Satellite-Tracking Camera

an astronomical instrument for the photographic observation of artificial earth satellites. It is a wide-angle camera with a large-diameter lens, highspeed shutter, and a device for accurately registering the time at which the shutter opens and closes.

To ensure that a rapidly moving satellite can be photographed at several points in its orbit during a single pass through the region visible to the observation station, the camera is usually supported by a three- or four-axis mounting (seeTELESCOPE MOUNTING). The camera can be moved from one position to another by rotation about one of the axes. A three-axis mounting permits the apparent path of the satellite to be approximated by a great circle of the celestial sphere. In this case, the first and second axes constitute an altazimuth or equatorial mounting and are used to orient the third axis toward the pole of the approximating great circle. The camera rotates about the third axis. In the four-axis mounting, the fourth axis permits the optical axis of the camera to be directed nonperpendicularly to the third axis and thus makes possible a more accurate approximation of the apparent path of the satellite by a small circle of the celestial sphere.

Since most artificial satellites are faint objects and their image in the focal plane of a fixed camera moves rapidly, the luminous energy from a satellite is usually insufficient to produce on the photographic emulsion a blackened area whose position can be measured. For this reason, many cameras are provided with devices that compensate for the motion of the satellite image relative to the emulsion; as a result, the effective exposure time is increased. Such compensation can be carried either by slowly turning the entire camera to follow the satellite during the exposure or by moving the photographic plate or film at the same speed that the image of the satellite moves in the focal plane.

The satellite photographs obtained with the cameras depict individual positions of the satellite against the stellar background in the form of points or short lines. Through measurements of the photographs, the direction of the satellite can be determined to within 1” at moments in time that can be registered with an accuracy of approximately 1 millisecond.

One of the first satellite-tracking cameras was the Baker-Nunn camera. It was designed in the USA in 1957 and has been used by the Smithsonian Astrophysical Observatory for global research in satellite geodesy.
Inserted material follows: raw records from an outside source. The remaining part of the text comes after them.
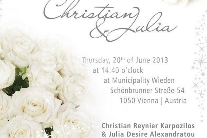 Η σχετική αγγελία είχε δημοσιευθεί στην εφημερίδα «Καθημερινή» και πλέον και επίσημα η Τζούλια ενημερώνει φίλους και γνωστούς ότι ο γάμος θα γίνει στις 20 Ιουνίου στην Αυστριακή πρωτεύουσα.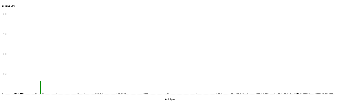 At the top of the view, the position of the antigen (identified by the corresponding HPA identifier) is shown as a green bar. A yellow triangle on the bar indicates a <100% sequence identity to the protein target.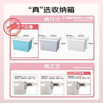 清野の木 衣物收纳箱特大号塑料整理箱70L蓝色 1个装 带轮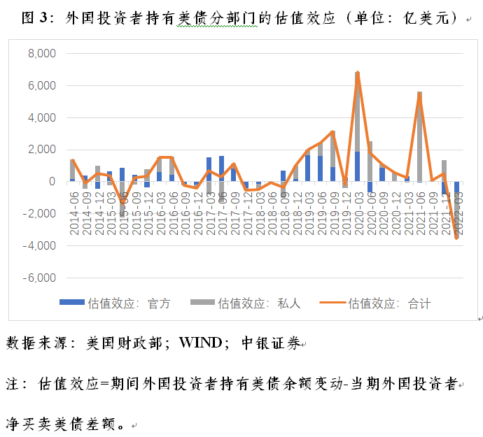 今年一季度,由于美债收益率飙升,美债价格相应下降,导致外国投资者持有美债按市值重估后减少。据估算,同期,外国投资者持有美债负估值效应3536亿美元(除估值效应外,还包含了统计原因引起的非交易调整,下同),贡献了外国投资者持有美债降幅的264%,其中:外国官方投资者负估值效应664亿美元,贡献了外国官方投资者持有美债降幅的71%;外国私人投资者负估值效应2872亿美元,贡献了外国私人投资者持有美债降幅的713%(见图3)。可见,不论从外国官方还是私人投资者来看,负估值效应都是其持有美债余额变动的主要贡献项。总的来讲,外资是在主动增持美债,只是由于负估值效应导致持有美债余额被动减少。外资抛售美债是一种“数据幻觉”。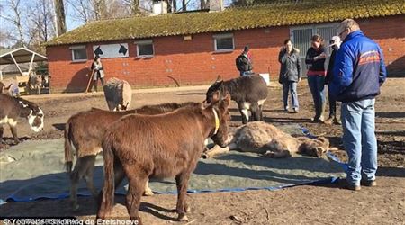 إنتشر فيديو في مواقع التواصل الاجتماعي يظهر وفاة حمار يدعى، بران، في إحدى المزارع بهولندا.

In the USSR, the AFU-75 automatic satellite tracking camera has been used in geodetic and geophysical research involving the observation of satellites. The AFU-75 has a four-axis mounting, a mechanism for moving the photographic film in order to observe faint satellites, and an equatorial platform. The equatorial platform is a mechanism that, during the exposure, rotates the camera in a simulation of its rotation about the polar axis. This motion is necessary if the images of the stars are to appear as points on the film. The camera is equipped with a lens whose diameter is 210 mm and whose focal length is 736 mm. AFU-75 satellite cameras have been installed in photographic-observation stations in the USSR and in many foreign countries, where they are used in scientific programs sponsored by the Academy of Sciences of the USSR.

The largest satellite-tracking camera in the USSR is the automatic VAU. It uses a three-axis mounting and has a catadioptric objective that was developed under the direction of D. D. Mak-sutov. The mirror is 1,070 mm in diameter and has a focal length of 700 mm. In accordance with a predetermined program, the camera is automatically shifted from one orientation to another. Faint objects are observed by rotating the camera about the third axis at speeds ranging from 0” to 6,000” per second.

Satellite-tracking cameras of various designs have been developed in the USA, France, Great Britain, the German Democratic Republic, the Federal Republic of Germany, and other countries.